From the Blackbox testing, the secure TCMS was successfully implemented and met all the software development life cycle requirements. From this behavioral test, all the required functions in the prototype worked and were integrated properly in all testing scenarios. The Securebox HSM connected and sent all data from the VCU, secured, and transmitted securely to the data server. The secured data also was successfully received and stored in the data server database.
- 2.
Whitebox Testing
In whitebox testing, several scenarios were deployed to verify the actual output of the system modules’ program code.
Data were sent from the VCU to the train-side Securebox HSM by testing the specific programming code to support the HSM FTP server testing.
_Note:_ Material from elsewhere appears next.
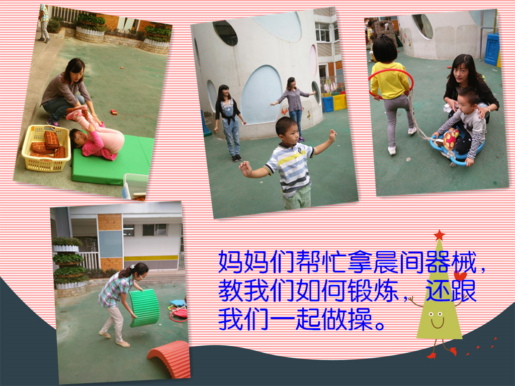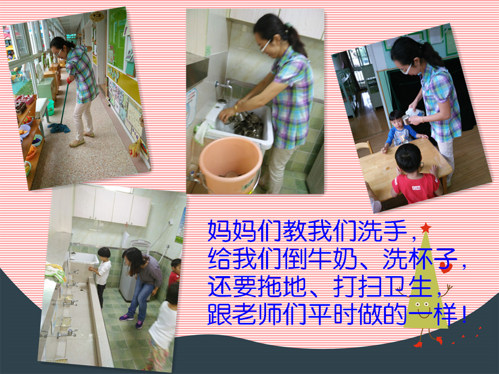 妈妈们在幼儿园待了一整天,更清楚的知道我们小朋友在幼儿园一天的学习和生活情况,也了解了老师们一天中与小朋友在一起是怎样的,相信她们一定也收获了很多快乐吧!期待下三位家长的来临哟!
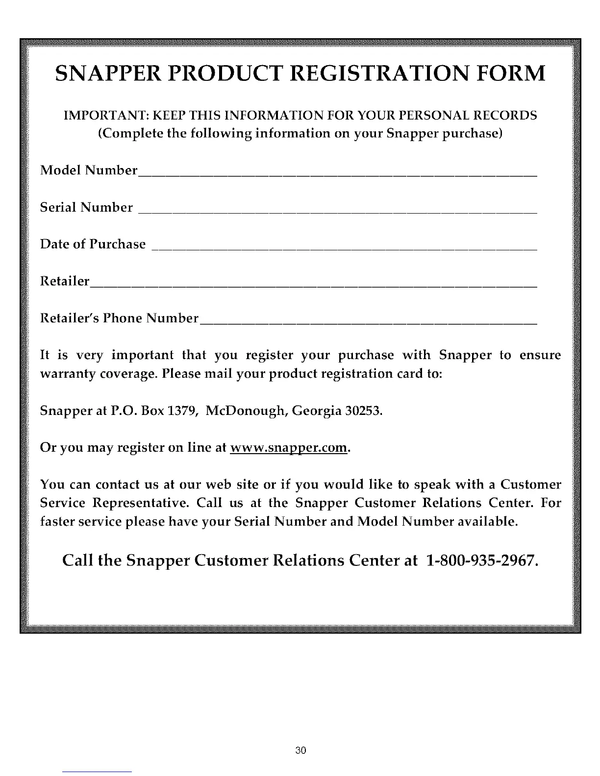 Service Representative. Call us at the Snapper Customer Relations Center. For

The scenarios were: a *.dds file sent from VCU to HSM buffer management, a *.txt file sent from VCU to HSM buffer management and parsing function, and other files sent to HSM file folder but not proceeding further. The result is shown in
Table 6.
Establish connection. It was done by observing the specific program code to support secured connection testing from the onboard train system to the data server. The result is shown in
Table 7.
Data Synchronization. Data synchronization testing was done by testing specific programs to support integrity functionality. The testing used four scenarios, which were: sending synchronization data to the data server whether the connection was available, synchronization data to the data server with no connection available, synchronization data to the data server after the connection was lost for 1 min, and synchronization data to the data server after a connection was lost for 5 min. The scenario and results are available in
Table 8.
Encrypt and transmit data. The encryption and transmission testing was done in the server-side HSM to ensure the programming code met the confidentiality requirement. Several scenarios were tested by encrypting the *.dds file, encrypting the *.txt file, and sending data when the onboard train system was connected to the 4G network. The result is shown in
Table 9.
Data decryption. The decryption testing was done in the server-side HSM, right after the data were received. The testing analyzed the program code to meet the required output for the decryption of the *.txt and *.dds files. The output can be seen in
Table 10.
From the whitebox testing, the program code of the Securebox application gave all the expected results. The whitebox analysis showed that all the module and the program code in the module were checked and analyzed to produce the expected output. There was no malfunction or wrong programming code, which can produce a system error.